The investment objective of the Neptune China Fund is to generate capital growth from investment predominantly in Chinese securities, or in the securities issued by companies transacting a significant proportion of their business in China.
China's economic growth is moderating, but in a desirable way, reducing the risk of overheating and easing inflationary pressures. Whilst not immune to the global macroeconomic slowdown (most evident in the hard-hit export sector, which the Fund has long avoided), the majority of China's growth is generated domestically, leaving the country in a position of considerable strength and insulation.The quarter saw signs that Beijing is preparing to support the economy, as its fears of overheating growth and runaway inflation have been allayed.Yet this positive outlook has not been reflected in equity market performance. As the credit crisis fallout gained traction and panic gripped global markets, a combination of extremely negative global risk appetite and international deleveraging ensured no market was spared in one of the most volatile periods in market history.However, the reverse side of this process is that our favoured themes in this long-term quality growth story are investable at cheaper multiples. These themes remain largely unchanged: infrastructure-facing stocks benefiting from China's large-scale development build-out, and the importance of the Chinese consumer and the rise of domestic consumption.

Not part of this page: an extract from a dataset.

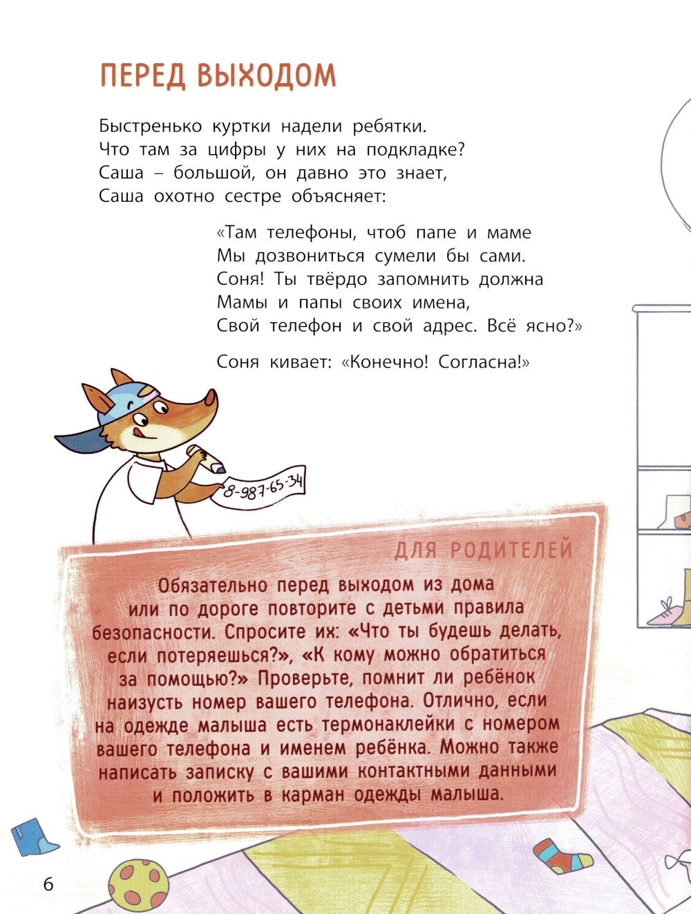 В городе столько интересного для маленьких детей: весёлые аттракционы, яркие витрины магазинов, многолюдные парки... Но город таит в себе и много опасностей! Как не потеряться на улицах? Что делать, если вдруг не видишь рядом родителей? Как правильно разговаривать с незнакомыми людьми? Весёлая, динамичная история в стихах о приключениях мальчика Саши и его сестренки Сони поможет детям усвоить правила безопасного поведения в городе. В книгу включены рекомендации для родителей, подготовленные опытным инструктором по безопасности. Издание подготовлено в сотрудничестве с Поисково-спасательным отрядом «Лиза Алерт». Для чтения взрослыми детям.| Издательство | ЭНАС-КНИГА |

There are expectations of interest rate cuts and stimulatory fiscal measures to promote growth in the short term, and the government's position of fiscal strength and current account surplus gives it the ability as well as the will to do so.In summary, we believe that the Neptune China Fund is well positioned to deliver continued outperformance, both in these turbulent times and taking advantage of the enormous potential for continued Chinese growth over the long term.